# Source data
┌──

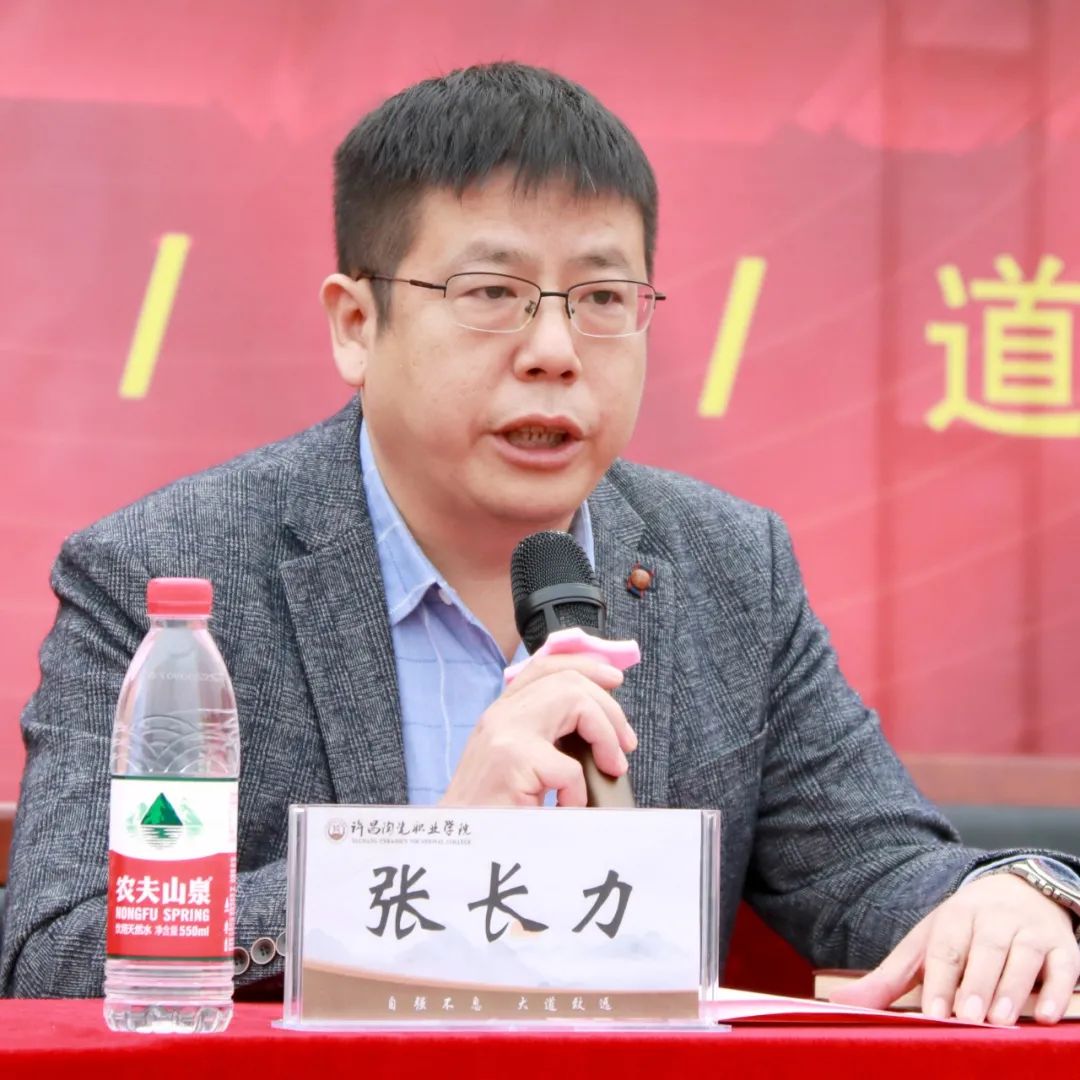 院长张道金在大会上致辞。首先,他代表学校全体师生向承训教官表达了衷心的感谢和崇高的敬意,向积极参加军训并胜利完成任务的全体同学和老师致以亲切的问候和热烈的祝贺。紧接着,他以“大学之道、大学之业”为主题分三个方面向同学们讲到:大学之道,是大人之道,是成人之道;成人立人,要正心诚意、立心铸魂;成人立人,要修齐治平、注重道德践履。最后,张院长希望同学们能够珍惜三年大学时光,领悟大学之道,成就大业之学。
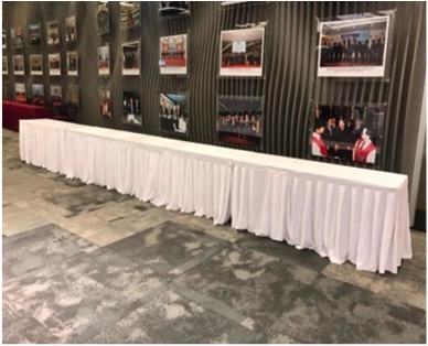 Long table with white skirting: 180L x 60W x 75cm H
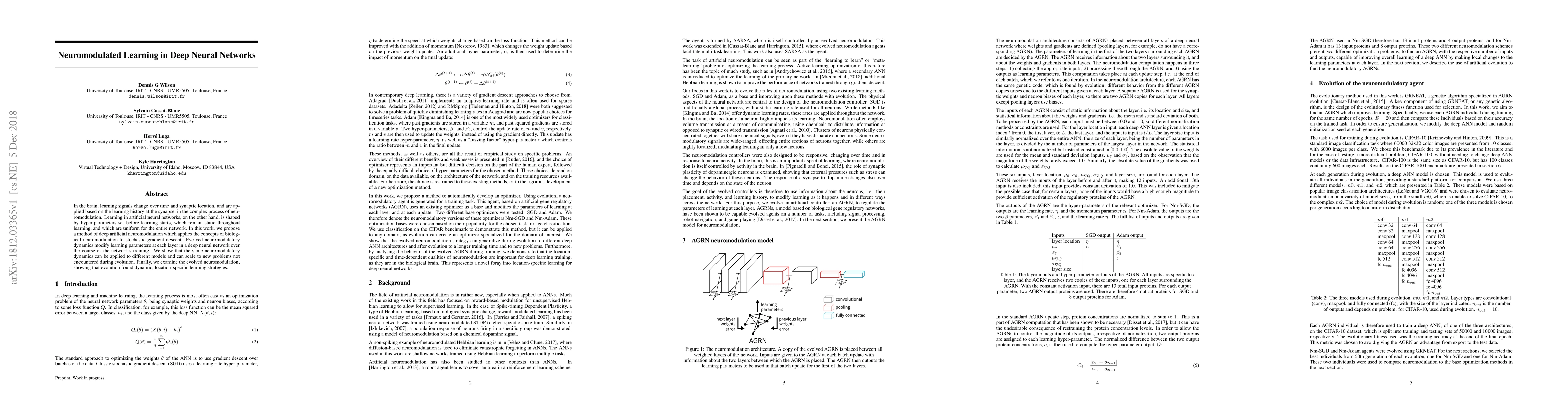 In the brain, learning signals change over time and synaptic location, and are applied based on the learning history at the synapse, in the complex process of neuromodulation. Learning in artificial neural networks, on the other hand, is shaped by hyper-parameters set before learning starts, which remain static throughout learning, and which are uniform for the entire network. In this work, we propose a method of deep artificial neuromodulation which applies the concepts of biological neuromodulation to stochastic gradient descent. Evolved neuromodulatory dynamics modify learning parameters at each layer in a deep neural network over the course of the network's training. We show that the same neuromodulatory dynamics can be applied to different models and can scale to new problems not encountered during evolution. Finally, we examine the evolved neuromodulation, showing that evolution found dynamic, location-specific learning strategies.
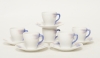 För Rörstrand, 6 koppar med fat, benporslin med reliefdekor av trollsländor, höjd kopp 6 cm, bruksslitage, koppar med nagg/sprickor förekommer.
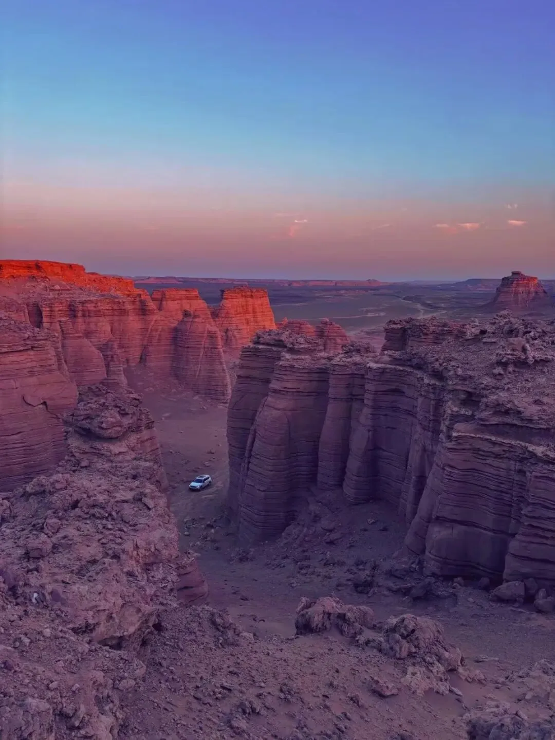 这是一片充满神秘色彩的雅丹地貌裙,仿佛是火星表面的奇幻世界,亿万年的地质变迁造就了这里独特的景观。
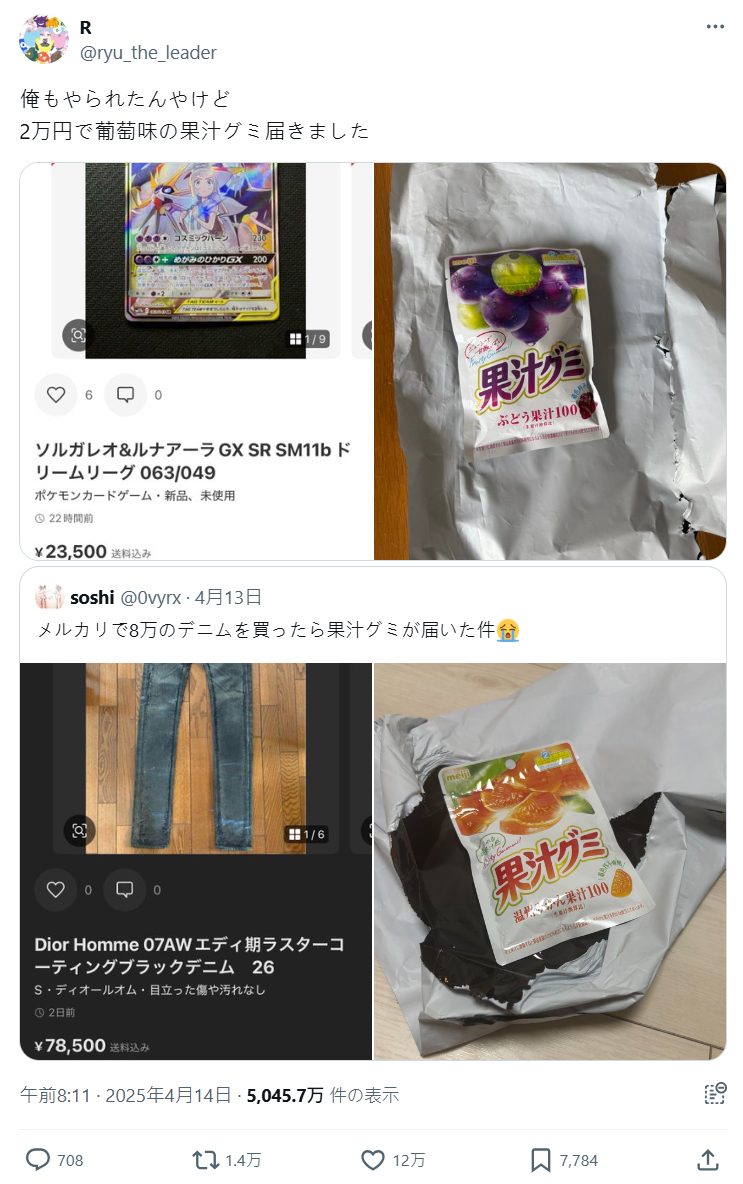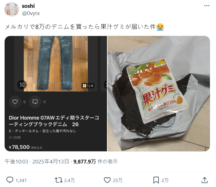 近日有位推主 soshi(@0vyrx)分享了自己最近在二手電商平台 Mercari 購物時的慘痛經驗。他表示,花了接近 8 萬日圓買了一條 Dior homme 的牛仔褲,沒想到包裹一打開,裡面只有一包超市常見的「果汁軟糖」,連褲子影子都沒看到,讓他傻眼到說不出話來。這件事情也在日本網路上群上引起討論,甚至還發現不只一人受軟糖詐騙所害。
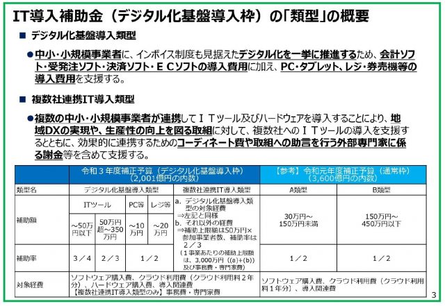 ところがこのITツールを導入するのに合わせて購入する場合、パソコンやタブレットは10万円まで、レジや券売機は20万円まで補助金が出る。この背景には、中小企業ではいまだITシステム導入の前提となるノートパソコンやタブレットなどの設備さえ導入されていないところが多く、生産性向上のネックとなっているためだ。この類型を使ってDX化を加速させよう。
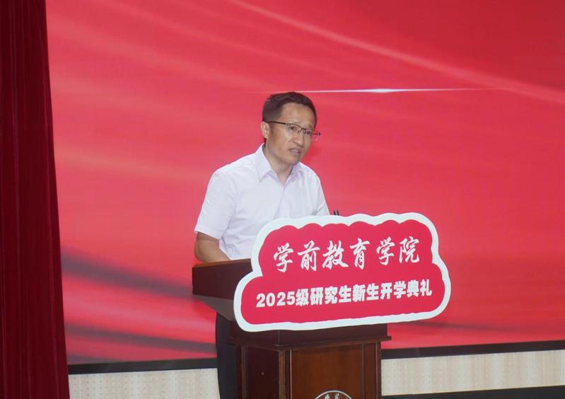 楊成龍對本研新生表示歡迎,并結(jié)合學(xué)院成立發(fā)展的脈絡(luò)和近些年取得的重要成果勉勵新生,他談到新時代新形勢新機遇下,學(xué)前學(xué)子應(yīng)成長為具有家國情懷、練就過硬本領(lǐng)、發(fā)揚奮斗精神的追夢人,牢記“慈幼、善育、傳承、創(chuàng)新”的院訓(xùn),在成為未來教師的道路上砥礪奮進,勇毅前行。
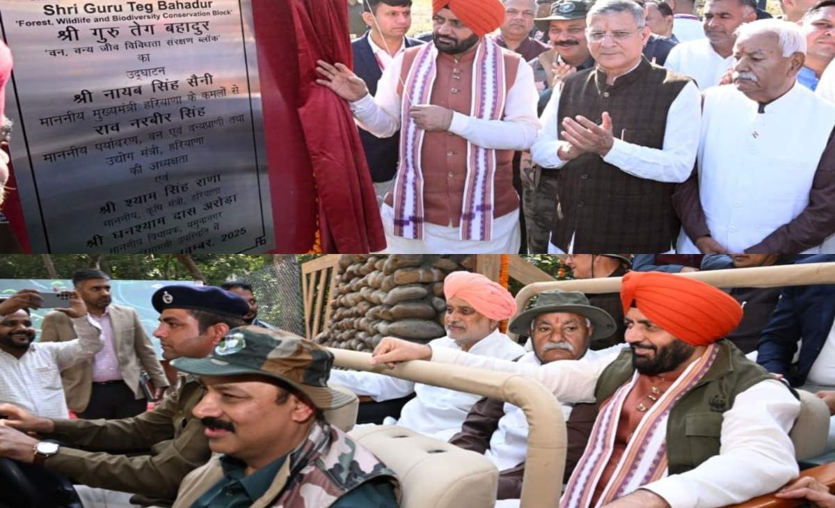 CM Nayab Saini, (आज समाज), यमुनानगर : हरियाणा के मुख्यमंत्री नायब सैनी ने यमुनानगर के कालेसर स्थित कलेसर राष्ट्रीय पार्क में श्री बंदा सिंह बहादुर वन्य जीव एवं जैव विधिवता का उद्घाटन किया, वहीं मुख्यमंत्री ने कलेसर नेशनल पार्क के मुख्य द्वार का भी उद्घाटन किया और जंगल सफारी का भी आनंद लिया। मुख्यमंत्री ने राष्ट्रीय उद्यान में AI आधारित मॉनिटरिंग और राष्ट्र स्तरीय वॉच टावरों का भी शिलान्यास किया गया।
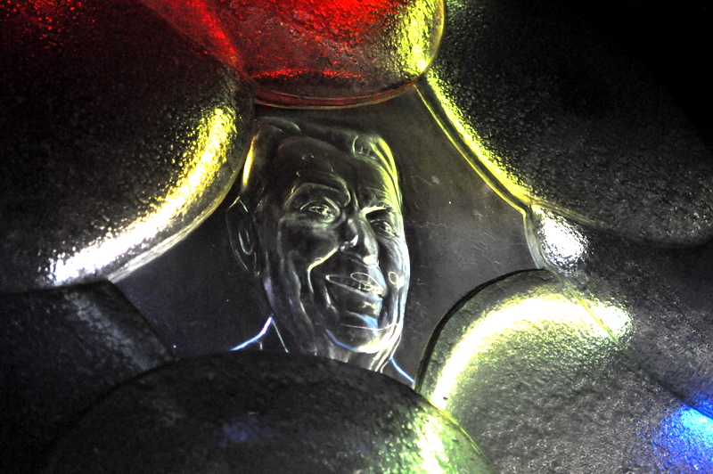 It’s pretty dark in the hall and with the sculpture lit up with flickering lights it’s difficult to get a good shot there, but below is my attempt at a few photos. The sign above says it all “To Ronald Reagan, for his struggle against totalitarianism, people of Wrocław”. The photo of the transfer hub was found on the internet.
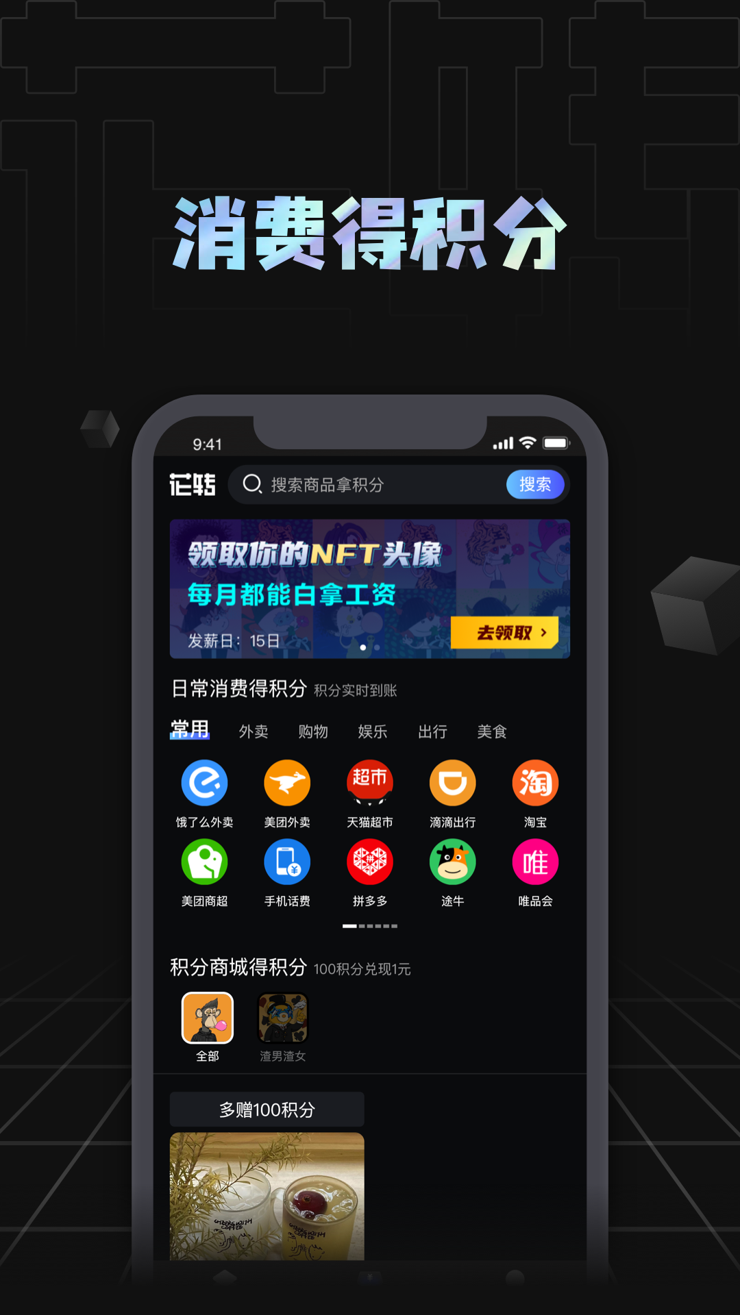 消费挣钱——点外卖、购物、打车等等日常消费都能获赠积分,积分可实时兑现。
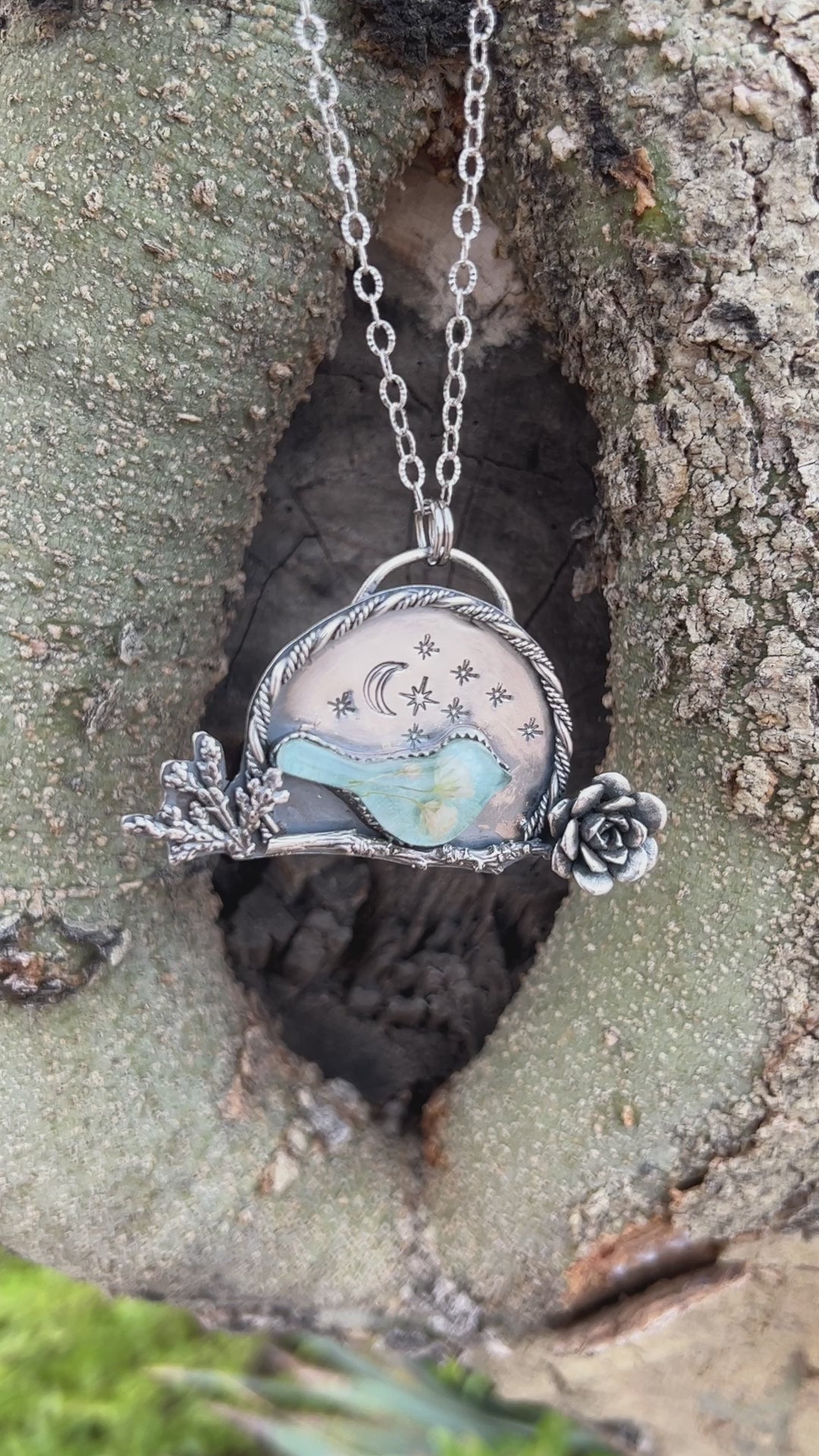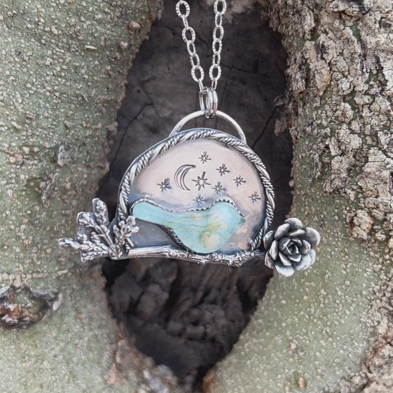 Cute blue bird on a branch, artisan crafted necklace in Sterling Silver. The branch, flower (succulent) and greenery are solid sterling silver castings made from real life nature! The bird is resin with dried flowers. The sterling silver background is stamped with a crescent moon and stars. Starry Night wearable art for Bird Lovers.

└──

# Task directions
Restating the data word for word is the task, and pictures are to be omitted.

# Reply
 院长张道金在大会上致辞。首先,他代表学校全体师生向承训教官表达了衷心的感谢和崇高的敬意,向积极参加军训并胜利完成任务的全体同学和老师致以亲切的问候和热烈的祝贺。紧接着,他以“大学之道、大学之业”为主题分三个方面向同学们讲到:大学之道,是大人之道,是成人之道;成人立人,要正心诚意、立心铸魂;成人立人,要修齐治平、注重道德践履。最后,张院长希望同学们能够珍惜三年大学时光,领悟大学之道,成就大业之学。
 Long table with white skirting: 180L x 60W x 75cm H
 In the brain, learning signals change over time and synaptic location, and are applied based on the learning history at the synapse, in the complex process of neuromodulation. Learning in artificial neural networks, on the other hand, is shaped by hyper-parameters set before learning starts, which remain static throughout learning, and which are uniform for the entire network. In this work, we propose a method of deep artificial neuromodulation which applies the concepts of biological neuromodulation to stochastic gradient descent. Evolved neuromodulatory dynamics modify learning parameters at each layer in a deep neural network over the course of the network's training. We show that the same neuromodulatory dynamics can be applied to different models and can scale to new problems not encountered during evolution. Finally, we examine the evolved neuromodulation, showing that evolution found dynamic, location-specific learning strategies.
 För Rörstrand, 6 koppar med fat, benporslin med reliefdekor av trollsländor, höjd kopp 6 cm, bruksslitage, koppar med nagg/sprickor förekommer.
 这是一片充满神秘色彩的雅丹地貌裙,仿佛是火星表面的奇幻世界,亿万年的地质变迁造就了这里独特的景观。
 近日有位推主 soshi(@0vyrx)分享了自己最近在二手電商平台 Mercari 購物時的慘痛經驗。他表示,花了接近 8 萬日圓買了一條 Dior homme 的牛仔褲,沒想到包裹一打開,裡面只有一包超市常見的「果汁軟糖」,連褲子影子都沒看到,讓他傻眼到說不出話來。這件事情也在日本網路上群上引起討論,甚至還發現不只一人受軟糖詐騙所害。
 ところがこのITツールを導入するのに合わせて購入する場合、パソコンやタブレットは10万円まで、レジや券売機は20万円まで補助金が出る。この背景には、中小企業ではいまだITシステム導入の前提となるノートパソコンやタブレットなどの設備さえ導入されていないところが多く、生産性向上のネックとなっているためだ。この類型を使ってDX化を加速させよう。
 楊成龍對本研新生表示歡迎,并結(jié)合學(xué)院成立發(fā)展的脈絡(luò)和近些年取得的重要成果勉勵新生,他談到新時代新形勢新機遇下,學(xué)前學(xué)子應(yīng)成長為具有家國情懷、練就過硬本領(lǐng)、發(fā)揚奮斗精神的追夢人,牢記“慈幼、善育、傳承、創(chuàng)新”的院訓(xùn),在成為未來教師的道路上砥礪奮進,勇毅前行。
 CM Nayab Saini, (आज समाज), यमुनानगर : हरियाणा के मुख्यमंत्री नायब सैनी ने यमुनानगर के कालेसर स्थित कलेसर राष्ट्रीय पार्क में श्री बंदा सिंह बहादुर वन्य जीव एवं जैव विधिवता का उद्घाटन किया, वहीं मुख्यमंत्री ने कलेसर नेशनल पार्क के मुख्य द्वार का भी उद्घाटन किया और जंगल सफारी का भी आनंद लिया। मुख्यमंत्री ने राष्ट्रीय उद्यान में AI आधारित मॉनिटरिंग और राष्ट्र स्तरीय वॉच टावरों का भी शिलान्यास किया गया।
 It’s pretty dark in the hall and with the sculpture lit up with flickering lights it’s difficult to get a good shot there, but below is my attempt at a few photos. The sign above says it all “To Ronald Reagan, for his struggle against totalitarianism, people of Wrocław”. The photo of the transfer hub was found on the internet.
 消费挣钱——点外卖、购物、打车等等日常消费都能获赠积分,积分可实时兑现。
 Cute blue bird on a branch, artisan crafted necklace in Sterling Silver. The branch, flower (succulent) and greenery are solid sterling silver castings made from real life nature! The bird is resin with dried flowers. The sterling silver background is stamped with a crescent moon and stars. Starry Night wearable art for Bird Lovers.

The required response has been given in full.